→ TASK STATEMENT
Your answer must be an exact repeat of the lines from the one containing "11月7日に、秋晴れの中、1" through the last line of the records, both included, with no pictures.

→ SUPPLIED MATERIAL

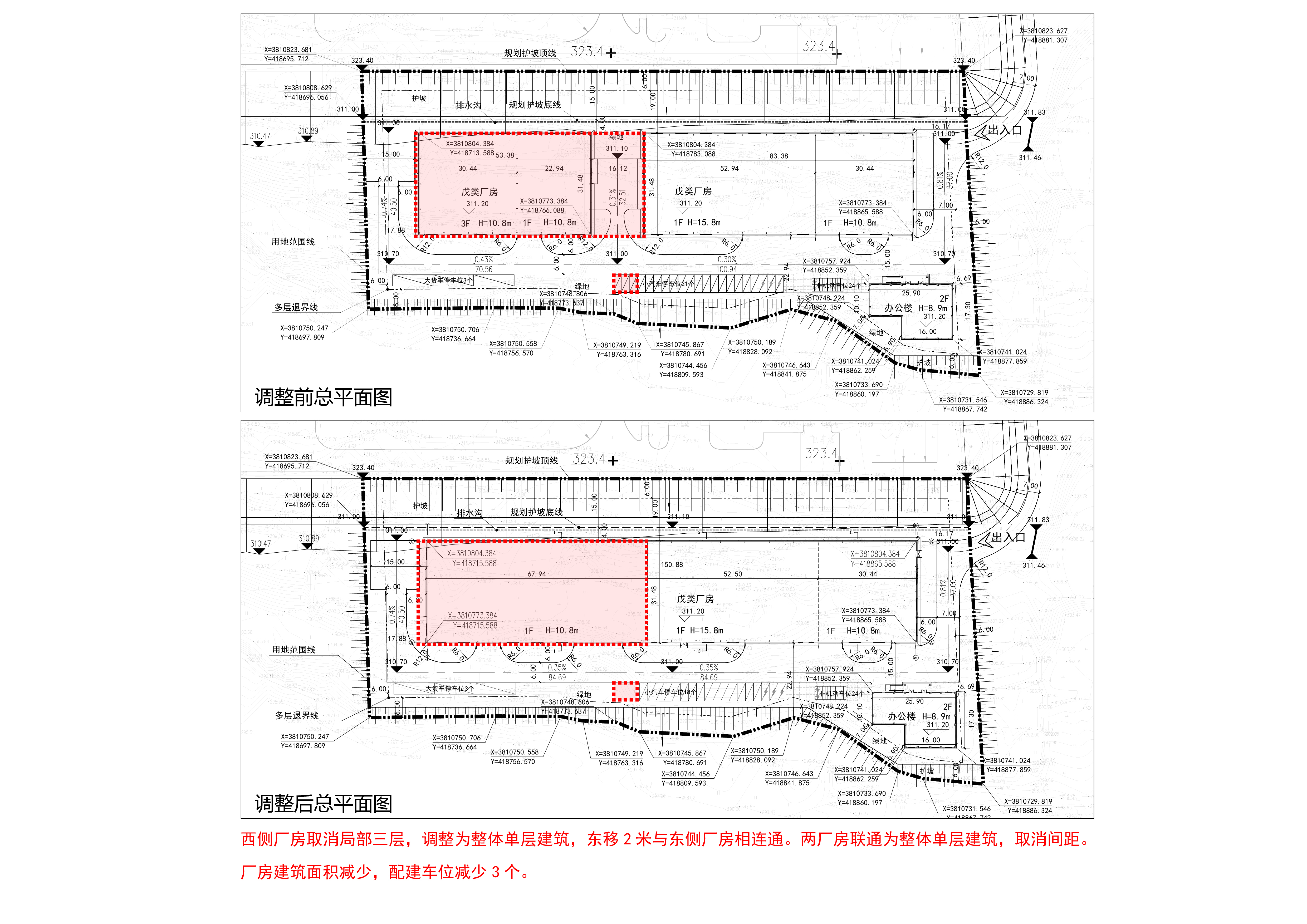 1.原总平面图 2.调整后总平面图 3.变更内容示意
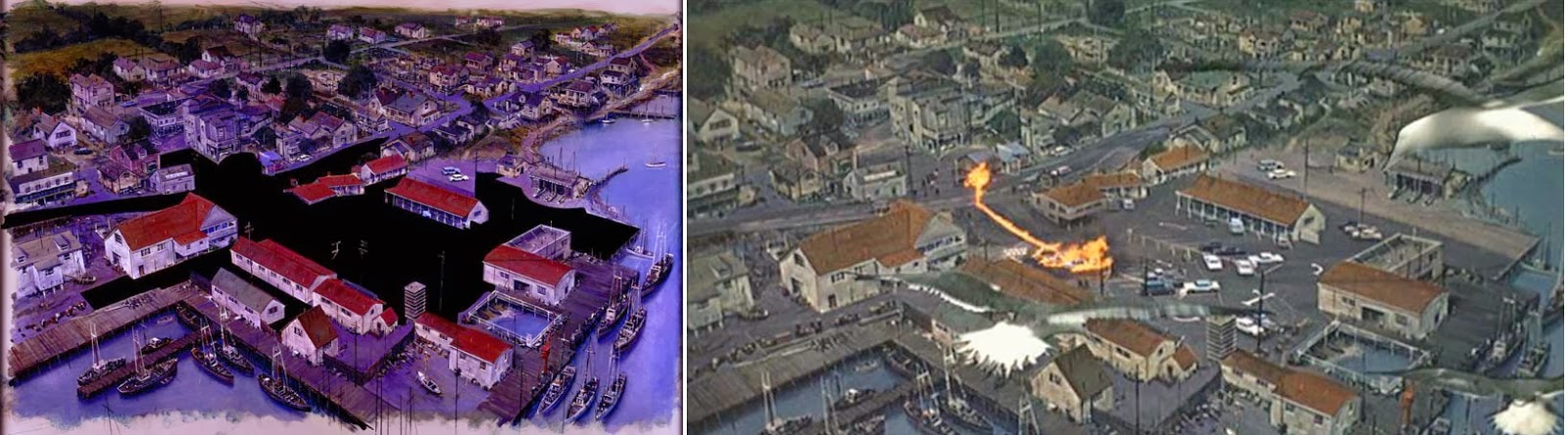 One of my favorite matte shots is the scene in The Birds when the car blows up and the camera pulls back for a “bird’s eye” view. By today’s standards it’s a really simple technique, but that aerial shot of the town erupting into chaos still packs an emotional punch. (link to “before and after” image)
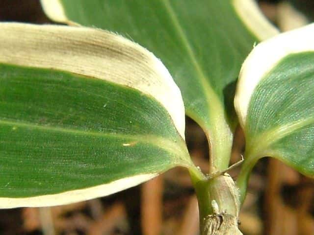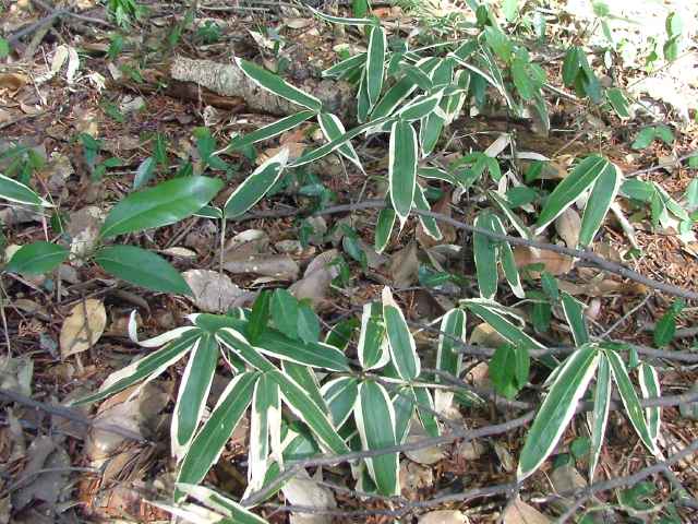 | 常緑竹 京都府に自生地があるといわれるが、原産地は不明。全国で栽培され、逸出して野生状態のものもある。稈は高さ1〜1.5m、直径5〜8mmになる。節はややふくれる。枝は稈の下部から上部にかけてまばらに分岐する。1節に1個でる。稈鞘はふつう節間の2分の1〜3分の2。長い開出毛が密生する。葉身は長さ20〜25cm、幅4〜5cm。革状紙質で、両面とも無毛。葉鞘は無毛。ふつう葉耳があり、肩毛はざらつき、放射状に開出する。葉舌は低い山形または切形。冬期に葉の縁が白く隈どられる。(樹に咲く花) 学名は、Sasa veitchii イネ科ササ属 |
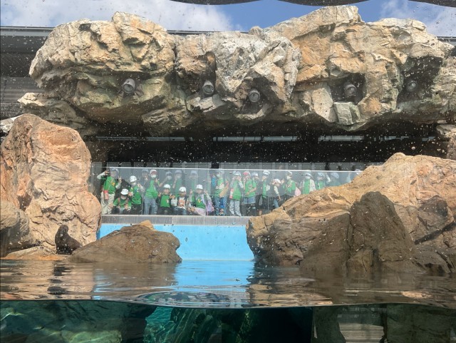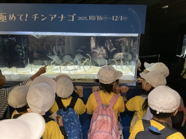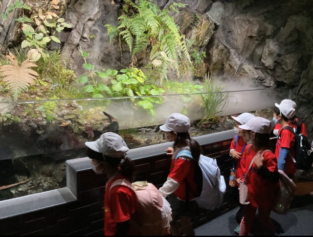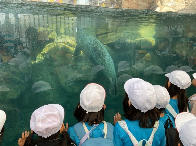 11月7日に、秋晴れの中、1年生が京都水族館へ校外学習に出かけました。館内は多くの来館者で賑わっていましたが、運動会で使用したおそろいのTシャツのおかげで、迷子になることなく活動することができました。子どもたちは海の生き物たちに興味津々で、楽しい時間を過ごしました。
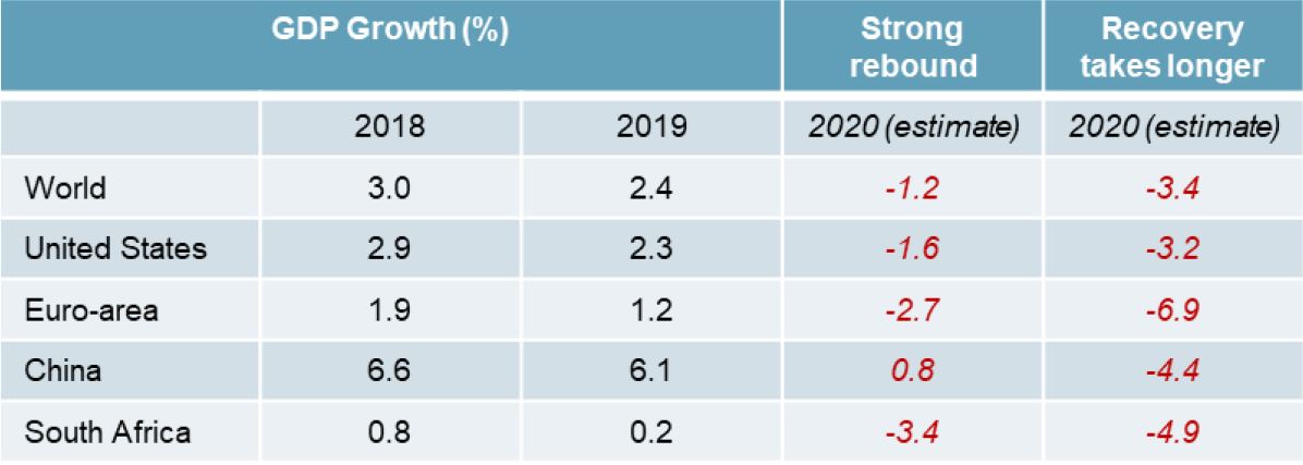 It is extremely difficult to produce a point forecast on the exact slowdown in the global economy. Stanlib’s Economics team calculated that, if the disease is brought under control during the next ten weeks, there’s a good chance we will see a strong rebound during the second half of the year. This could limit the damage to a global GDP contraction of a little over 1% in real terms. If, however, it takes longer before the current severe lockdown measures are relaxed, the global economy could shrink by between 3 and 4% in 2020. During the global financial crisis in 2008/2009 the effect was far less severe, as China still grew by nearly 10%. This helped global GDP to remain flat in real terms during that crisis. This time around they will be unable to make up for the rest of the world, as indicated in the table below:

→ RESULT
 11月7日に、秋晴れの中、1年生が京都水族館へ校外学習に出かけました。館内は多くの来館者で賑わっていましたが、運動会で使用したおそろいのTシャツのおかげで、迷子になることなく活動することができました。子どもたちは海の生き物たちに興味津々で、楽しい時間を過ごしました。
 It is extremely difficult to produce a point forecast on the exact slowdown in the global economy. Stanlib’s Economics team calculated that, if the disease is brought under control during the next ten weeks, there’s a good chance we will see a strong rebound during the second half of the year. This could limit the damage to a global GDP contraction of a little over 1% in real terms. If, however, it takes longer before the current severe lockdown measures are relaxed, the global economy could shrink by between 3 and 4% in 2020. During the global financial crisis in 2008/2009 the effect was far less severe, as China still grew by nearly 10%. This helped global GDP to remain flat in real terms during that crisis. This time around they will be unable to make up for the rest of the world, as indicated in the table below:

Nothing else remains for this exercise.